I have an IEnumerable<T> and an IEnumerable<U> that I want merged into an IEnumerable<KeyValuePair<T,U>> where the indexes of the elements joined together in the KeyValuePair are the same. Note I'm not using IList, so I don't have a count or an index for the items I'm merging. How best can I accomplish this? I would prefer a LINQ answer, but anything that gets the job done in an elegant fashion would work as well.
Note: As of .NET 4.0, the framework includes a .Zip extension method on IEnumerable, documented here. The following is maintained for posterity and for use in .NET framework version earlier than 4.0.
I use these extension methods:
// From http://community.bartdesmet.net/blogs/bart/archive/2008/11/03/c-4-0-feature-focus-part-3-intermezzo-linq-s-new-zip-operator.aspx
public static IEnumerable<TResult> Zip<TFirst, TSecond, TResult>(this IEnumerable<TFirst> first, IEnumerable<TSecond> second, Func<TFirst, TSecond, TResult> func) {
if (first == null)
throw new ArgumentNullException("first");
if (second == null)
throw new ArgumentNullException("second");
if (func == null)
throw new ArgumentNullException("func");
using (var ie1 = first.GetEnumerator())
using (var ie2 = second.GetEnumerator())
while (ie1.MoveNext() && ie2.MoveNext())
yield return func(ie1.Current, ie2.Current);
}
public static IEnumerable<KeyValuePair<T, R>> Zip<T, R>(this IEnumerable<T> first, IEnumerable<R> second) {
return first.Zip(second, (f, s) => new KeyValuePair<T, R>(f, s));
}
EDIT: after the comments I'm obliged to clarify and fix some things:
I originally took the first Zip implementation verbatim from Bart De Smet's blog
Added enumerator disposing (which was also noted on Bart's original post)

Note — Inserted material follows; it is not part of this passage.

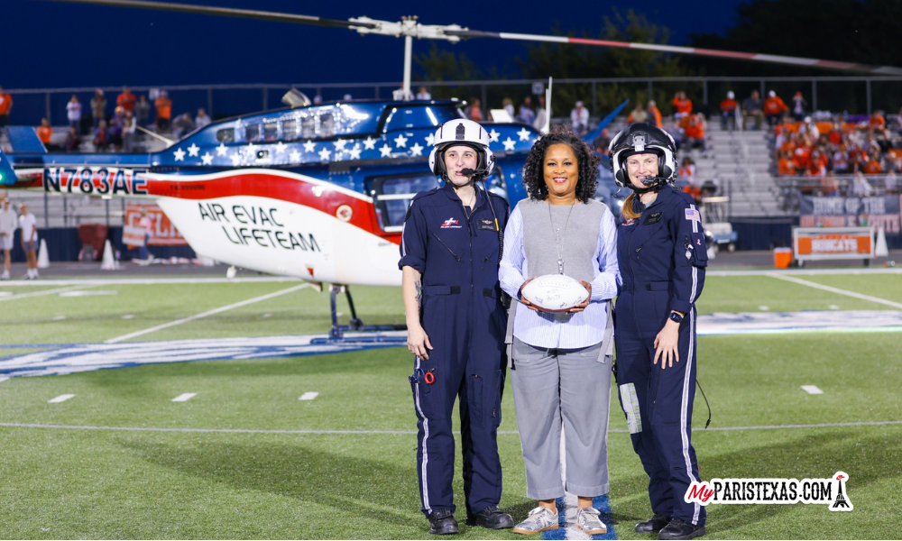 At Thursday night’s game, the Air Evac Lifeteam #139 helicopter, based here in Paris, TX, and the crew consisting of Rebecca Parson, Flight RN, EMT, Amber LaPointe, Flight Paramedic, and Pilot Brian Rousche delivered the souvenir game ball to Paris ISD Superintendent Althea Dixon on the Home Team’s sidelines, accompanied by Flight Paramedic Bill Cross.

Added null parameter checking (also discussed in Bart's post)
As a update to anyone stumbling across this question, .Net 4.0 supports this natively as ex from MS:
int[] numbers = { 1, 2, 3, 4 };
string[] words = { "one", "two", "three" };
var numbersAndWords = numbers.Zip(words, (first, second) => first + " " + second);
Documentation:
The method merges each element of the first sequence with an element that has the same index in the second sequence. If the sequences do not have the same number of elements, the method merges sequences until it reaches the end of one of them. For example, if one sequence has three elements and the other one has four, the result sequence will have only three elements.
Think about what you're asking a bit more closely here:
You want to combine two IEnumerables in which "the indexes of the elements joined together in the KeyValuePair are the same", but you "don't have a count or an index for the items I'm merging".

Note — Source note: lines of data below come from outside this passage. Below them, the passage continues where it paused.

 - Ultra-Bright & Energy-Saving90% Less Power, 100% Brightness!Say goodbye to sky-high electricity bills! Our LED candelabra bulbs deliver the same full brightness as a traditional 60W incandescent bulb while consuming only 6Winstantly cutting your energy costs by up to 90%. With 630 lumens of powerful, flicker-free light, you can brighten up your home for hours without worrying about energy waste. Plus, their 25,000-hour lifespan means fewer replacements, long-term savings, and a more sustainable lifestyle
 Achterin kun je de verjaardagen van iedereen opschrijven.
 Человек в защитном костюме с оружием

There's no guarantee your IEnumerables are even sorted or unsorted. There's no correlation between your two IEnumerable objects, so how can you expect to correlate them?
Look at nextension:
Currently Implemented Methods
IEnumerable
ForEach Performs a specified action on each element of the IEnumerable.
Clump Groups items into same size lots.
Scan Creates a list by applying a delegate to pairs of items in the IEnumerable.

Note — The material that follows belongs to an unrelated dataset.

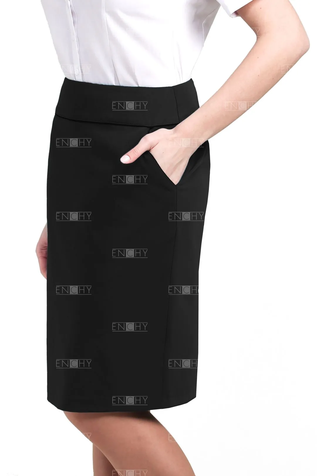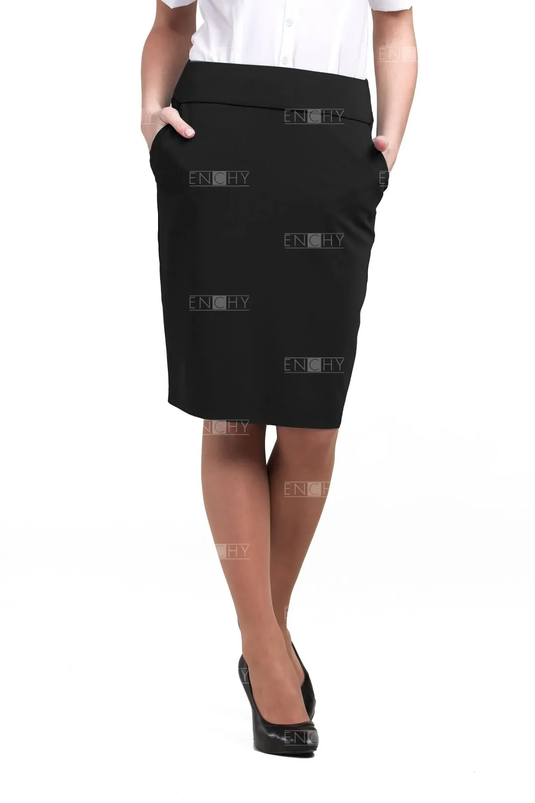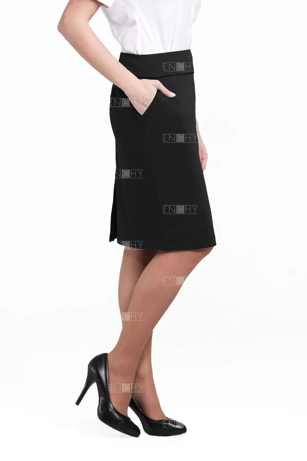 Юбка на подкладке с немного заниженной линией талии, широкой кокеткой и боковыми наклонными карманами.

AtLeast Checks there are at least a certain amount of items in the IEnumerable.
AtMost Checks there are no more than a certain amount of items in the IEnumerable.
Zip Creates a list by combining two other lists into one.
Cycle Creates a list by repeating another list.
I would use something along the lines of -
IEnumerable<KeyValuePair<T,U>> Merge<T,U>(IEnumerable<T> keyCollection, IEnumerable<U> valueCollection)
{
var keys = keyCollection.GetEnumerator();
var values = valueCollection.GetEnumerator();
try
{
keys.Reset();
values.Reset();
while (keys.MoveNext() && values.MoveNext())
{
yield return new KeyValuePair<T,U>(keys.Current,values.Current);
}
}
finally
{
keys.Dispose();
values.Dispose();
}
}
This should work correctly, and cleanup properly afterwards.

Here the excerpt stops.